Prise en charge des proches, un risque de pauvreté

Les personnes qui ont besoin de soins, par exemple à la suite d’une maladie ou à cause du grand âge, souhaitent généralement rester chez elles le plus longtemps possible. Dans de nombreux cas, ce sont les proches qui assurent leur prise en charge et leurs soins. Souvent, ces proches doivent réduire pour ce faire leur taux d’activité ou changer de travail et voient en conséquence leur revenu baisser. C’est ainsi que les soins non rémunérés prodigués à des proches engendrent un risque de pauvreté.

En 2020, selon l’Office fédéral de la statistique, 600'000 personnes effectuaient en Suisse des travaux de prise en charge de manière informelle.
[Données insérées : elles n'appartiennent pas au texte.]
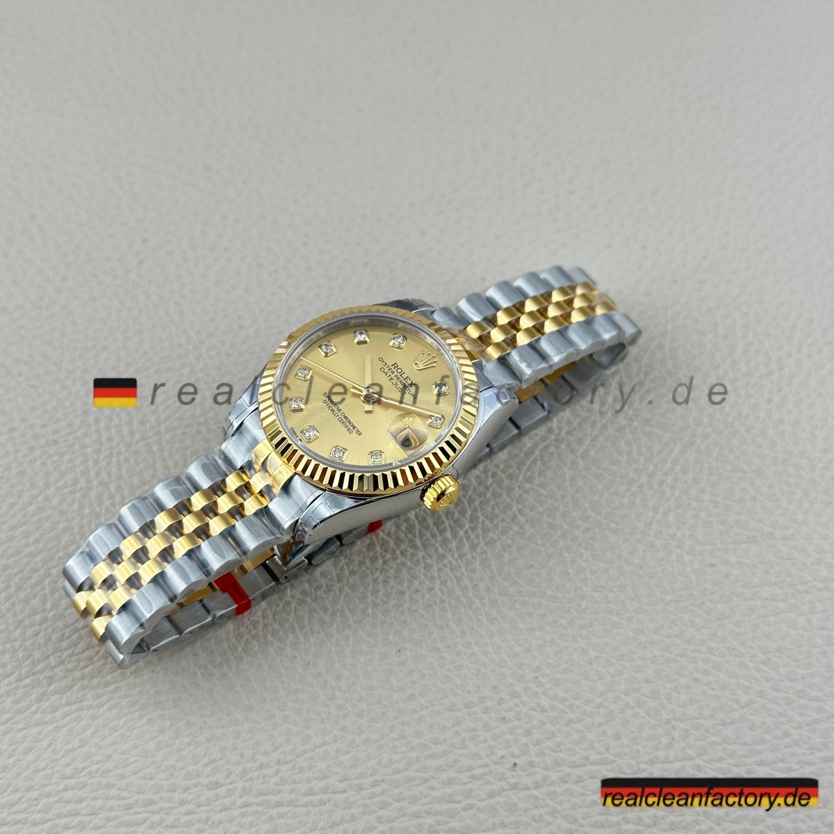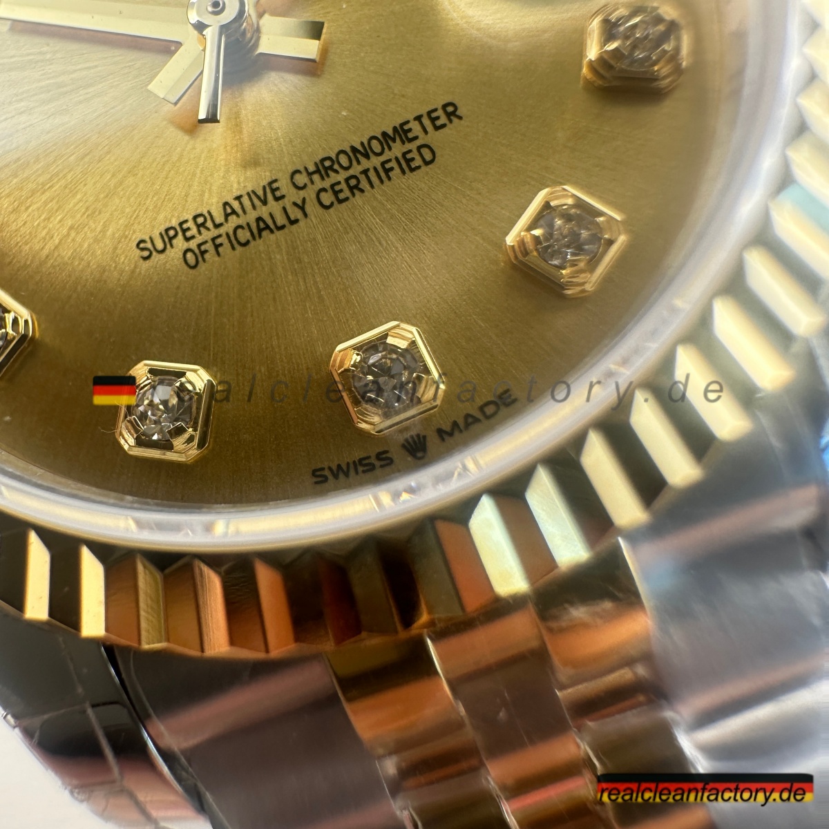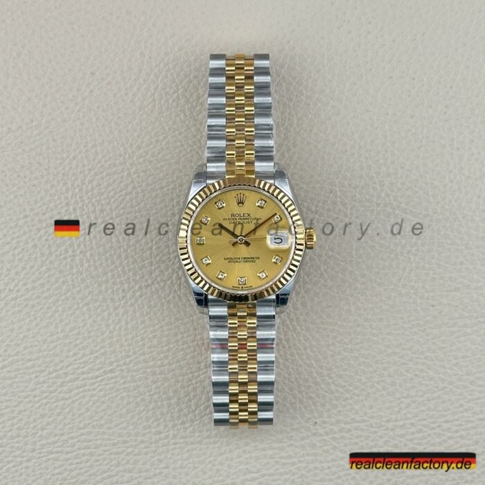 - Die beste Replik Rolex Lady Datejust 278273-0026 von Clean Factory vereint Champagner und Gelbgold in perfekter Harmonie – eine Kombination, die die Zeit überdauert hat und heute dank funkelnder Moissanite-Markierungen heller strahlt denn je. Mit 31 mm fängt sie den Zauber der „goldenen Stunde“ ein – zeitlose Eleganz, die heute genauso aktuell ist wie damals.
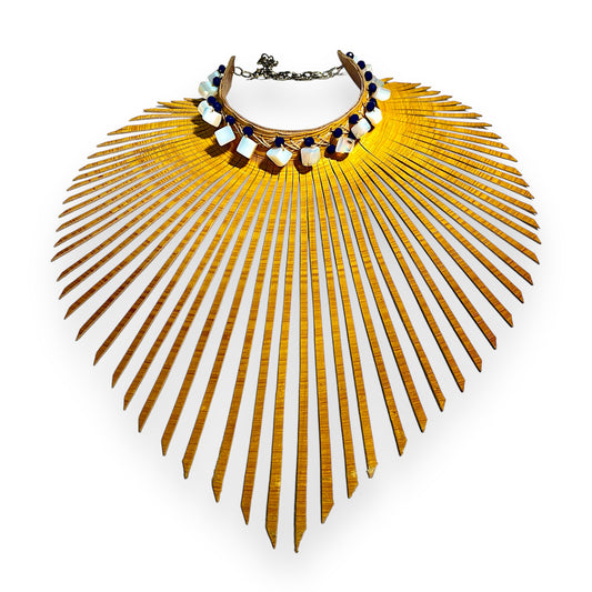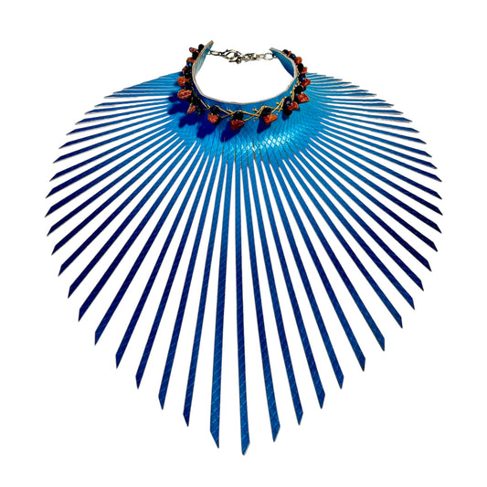 Gargantilla de cuero con flecos en relieve amarillo adornada con piedras preciosas de Opel y cuentas de cristal azul.
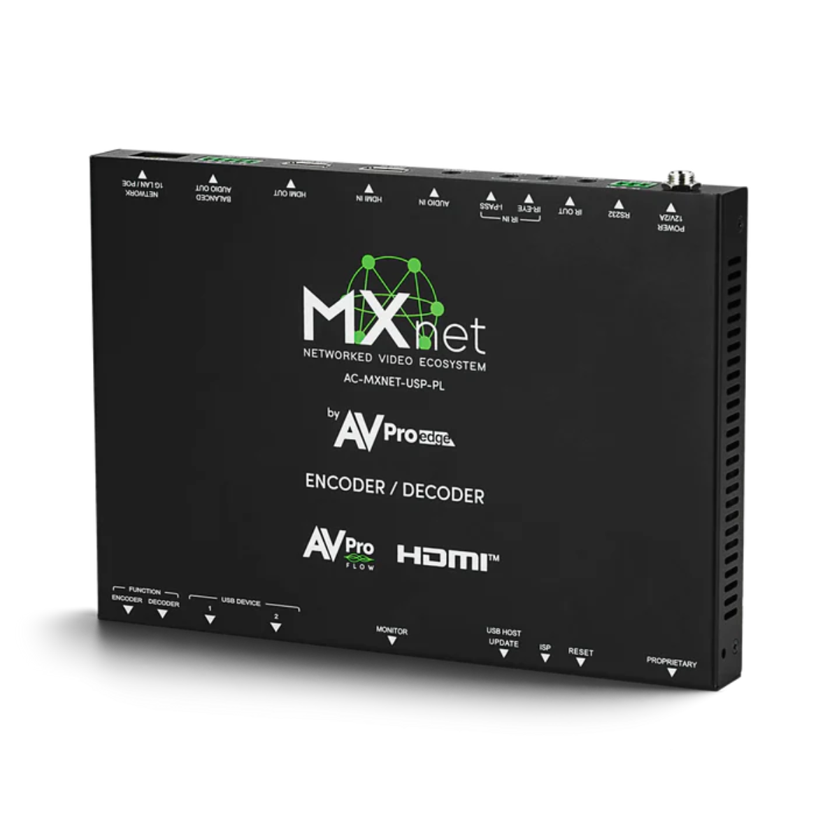 All USP models are built with AVPro Flow technology which provides interoperability between MXnet endpoints and compatible 3rd-party H.265/H.264 AV equipment. Whether integrating existing H.265/H.264 encoders, software-based decoders, or streaming platforms, AVPro Flow ensures reliable, low-latency video transport across mixed environments.
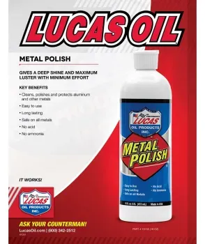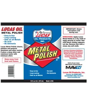 Lucas Metal Polish cleans, polishes and protects aluminum and other metals including chrome, magnesium, stainless steel, silver, brass and gold. It gives a deep shine maximum luster with little effort. Our fast acting metal polish is simple to use and safe on metals. It contains no acid or ammonia.
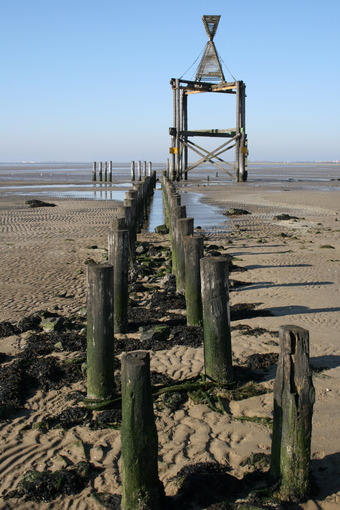 Abgebildet ist die Strandbake mit Buhnen (Strandbefestigung und Signal).
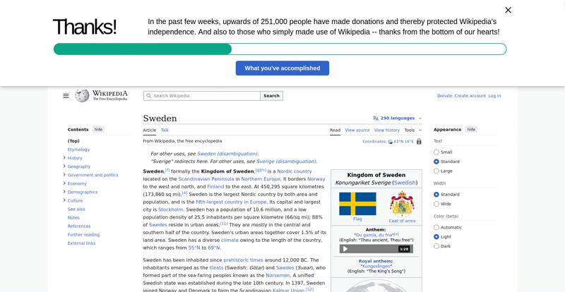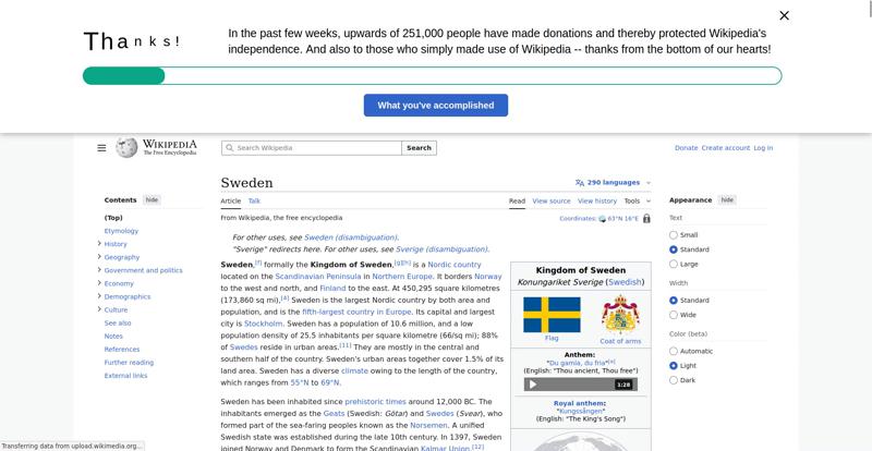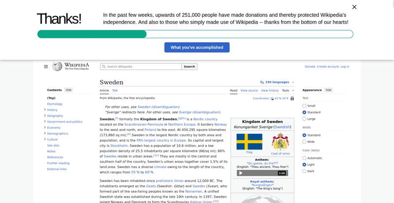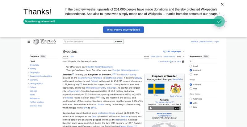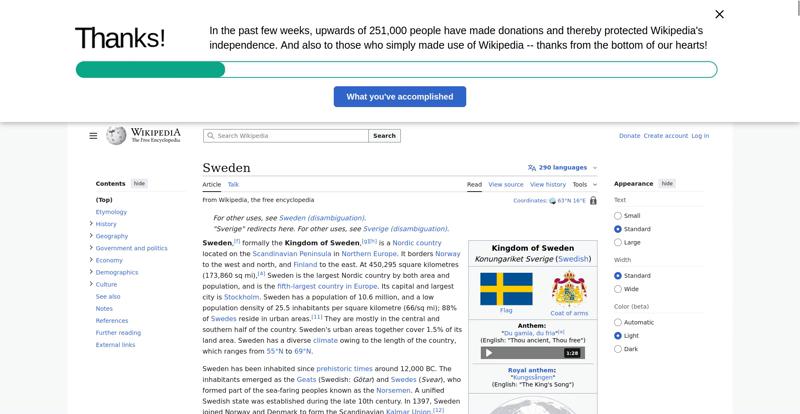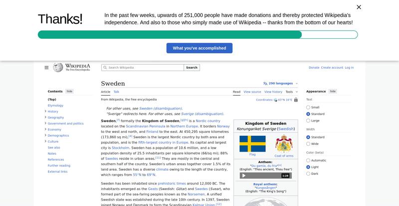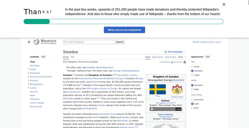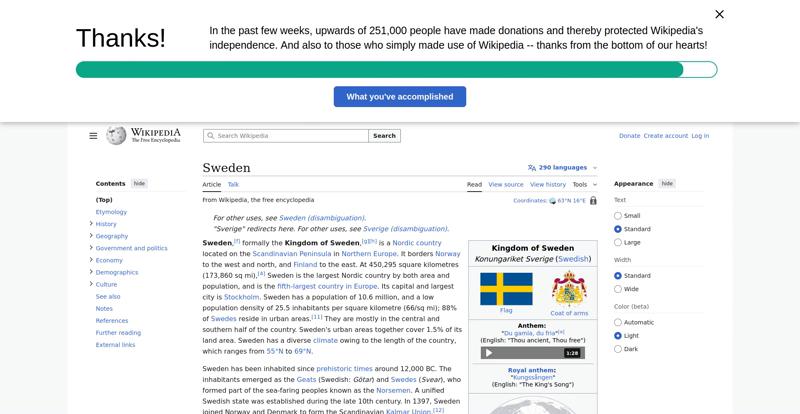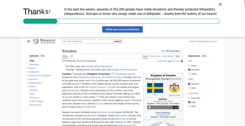 | Offenders: https://en.wikipedia.org/static/images/mobile/copyright/wikipedia-wordmark-en.svg https://en.wikipedia.org/static/images/mobile/copyright/wikipedia-tagline-en.svg https://upload.wikimedia.org/wikipedia/en/thumb/4/4c/Flag_of_Sweden.svg/250px-Flag_of_Sweden.svg.png https://upload.wikimedia.org/wikipedia/commons/thumb/e/e3/Sweden_Vegetation_Zone...etation_Zones.jpg |
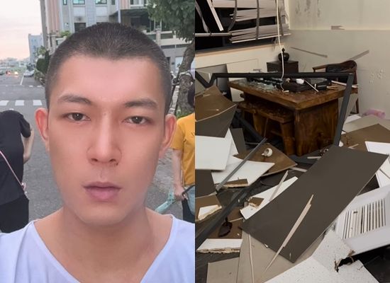 鳳梨颱風夜7日凌晨突然發文,寫道:「我要趕夜車回去了,家全破了。」隨後PO出嘉義家中被颱風破壞的慘照,只見整面窗戶破裂,窗框直接砸進家中,天花板、牆壁、門板破裂散落在地,桌椅也被吹倒,地上還淹水,現場滿目瘡痍。
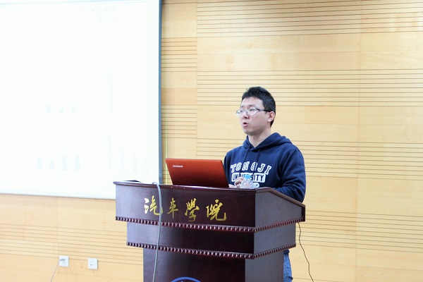 随后,两位优秀的博士生分别对各自的研究课题做了专业严谨的讲解。阚泽超的演讲主题是《柴油机高原起动着火燃烧特性》,研究了重型柴油机不同海拔下冷机起动过程的燃烧特性问题,分析了高原起动困难现象,揭示了高原条件下柴油机起动过程中不同燃烧形态的出现机制,分析了高原和平原着火历程的反应路径和关键反应产物存在差异,初步探索了柴油机高原起动控制方法,该研究成果获得了中国内燃机学会第九届学术年会会议一等奖。赵老师就模型控制问题与阚泽超进行了详细的讨论。张老师充分肯定了阚博的工作,并与阚博在柴油机高原起动中的燃烧特性进行了深入交流。

Environ la moitié d’entre elles effectuaient également un travail de soins et plus d’un quart étaient en âge de travailler. En raison du vieillissement de la population, on peut s’attendre à ce que le nombre de personnes ayant besoin de soins et d’assistance ait tendance à augmenter — et donc aussi le nombre de proches aidants.

Caritas lance le projet pilote «Soigner les proches»

La Confédération reconnaît le problème: depuis l’adaptation en 2019 de la loi sur l’assurance maladie (LAMal), il est possible pour les proches soignants de se faire engager par une organisation disposant d’une licence Spitex. Sur le plan juridique, il existe ainsi une base permettant d’atténuer la pression financière qui pèse sur les proches aidants. Mais à l’heure actuelle, seules quelques organisations d’aide et de soins à domicile proposent cette offre sur l’ensemble du territoire. 
C’est là qu’intervient le projet de Caritas «Soigner les proches». C’est Caritas qui emploie et rémunère ces proches aidants. Ils bénéficient d’un accompagnement professionnel, d’un soutien et d’une couverture sociale et sont encouragés à fréquenter des cours de formations continues, ce qui peut leur ouvrir de nouvelles perspectives sur le marché du travail, même à long terme.
Le projet est actuellement dans sa phase pilote, et disponible dans les cantons de Lucerne et de Zoug. D’autres cantons suivront. 

Selon la LAMal, seules les prestations de soins relevant des soins de base sont remboursées. Cela comprend l’aide pour manger et boire, se laver, s’habiller et se déshabiller, faire des exercices de mobilité ou changer de position dans le lit. Ne sont toujours pas rémunérées les prestations de compagnie ou les tâches administratives. Caritas Suisse espère que, non seulement le travail de soins, mais aussi les prestations de compagnie et d’assistance, seront reconnus comme un travail et rémunérés en conséquence.